Up 「テンソルとは何か」の学習テクストが無い 作成: 2017-12-10
更新: 2017-12-10


    テンソルをわかろうとするのは,難儀である。
    そもそも学習テクストがない。

    きちんと書いているのは数学のテクストだが,これは形式としての「テンソル」の論で終始する。 この形式の意味──「これは何のためか」──が書かれていない。
    (ちなみに,数学の「テンソル」は,ブルバキの『代数学』にこれの最も整った定式化を見ることができる。)

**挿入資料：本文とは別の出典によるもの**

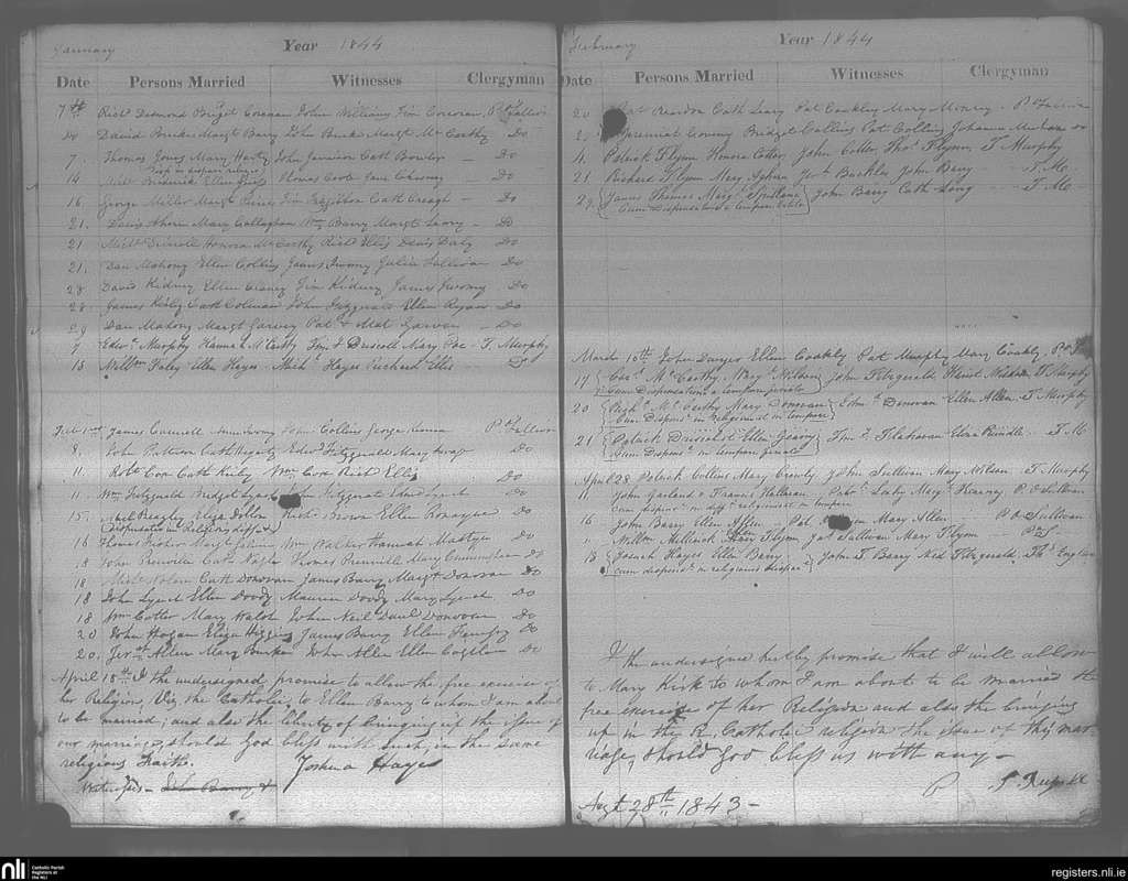 Cobh; County of Cork; Diocese of Cloyne. Marriages, Aug. 1843 to Apr. 1844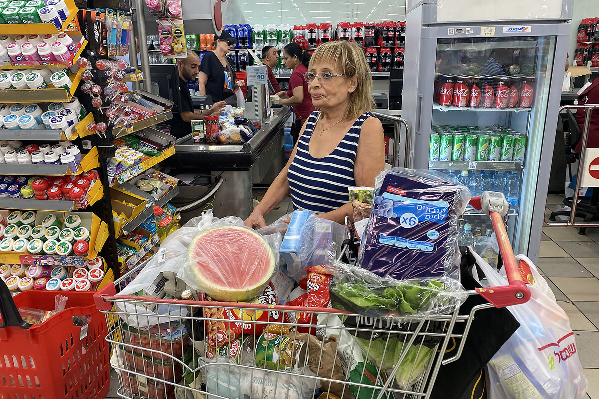 Kindergarten assistant Yona Dorani was waiting in a supermarket line at the mall Wednesday. Her cart was brimming with goods, including half a watermelon, wet wipes, vegetables, bread, and crackers.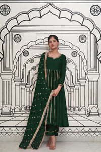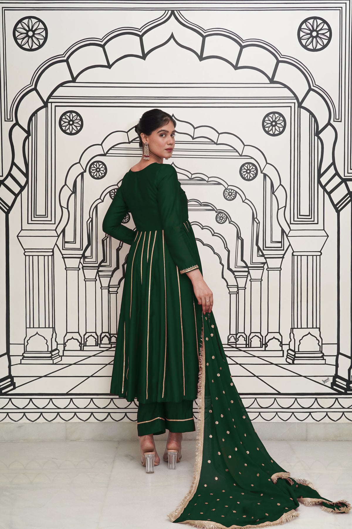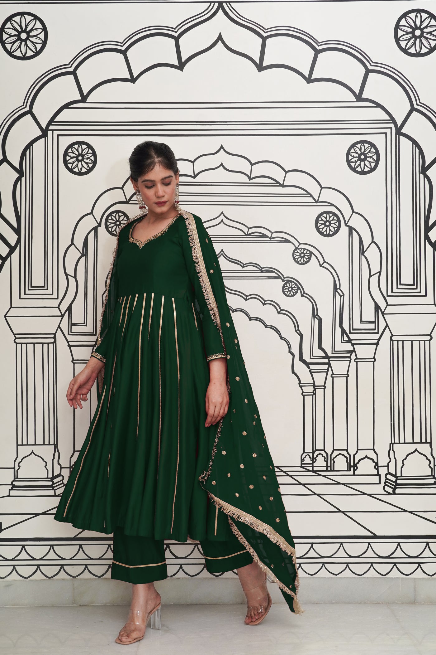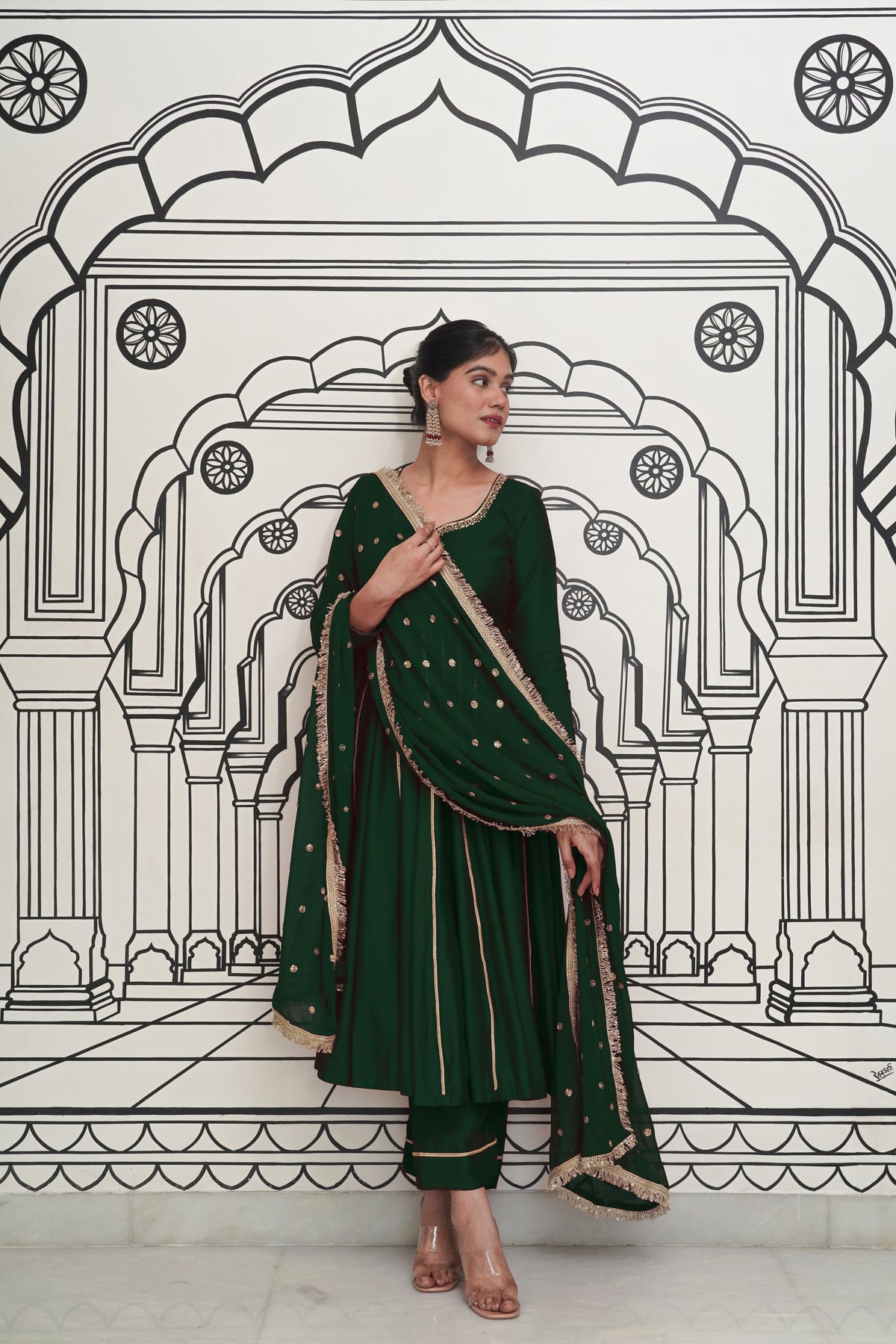 Elegantly handcrafted Anarkali decorated with zari and sequins work on neck and sleeves paired with dupatta decorated with Kiran lace and palazzo pants.

    テンソルは,使い道があるから概念になっている。
    使い道がわかることが,意味がわかることである。
    テンソルを使っているのは,物理学や工学である。
    では,物理学や工学のテクストに「テンソル」の学習テクストがあるかというと,これが無いのである。
    物理学や工学では,「テンソルがわかる」は「慣れて使えるようになる」といったふうである。

    この(てい)は,別に不思議なことではない。
    ひとは生活の中で数の計算をふつうにやっているが,「数と何か」「計算とは何か」と問われると答えることができない。
    「テンソル」事情は,このようなものである。

    学習テクストは,形式に程よく厳密であるものが求められる。
    形式は,実用の学習にとってどうでもよいものではない。
    ひとは,理屈がわからなくなると,そこで頓挫する。
    理屈がわかるとは,形式がわかるということである。
    学習のこの機微のわからない者には,学習テクストはつくれない。

    なぜこのようなことを言うかというと,学生はわからないとそれを自分のせい (「自分はアタマが悪い」) にするものだからである。 「教授がなっていない」という思いを持てなくで,自分で勝手にドロップアウトしてしまう。
    そこで最初に,「テンソルをわかろうとするのは,難儀である──そもそも学習テクストがない」をはっきりさせておこうというわけである。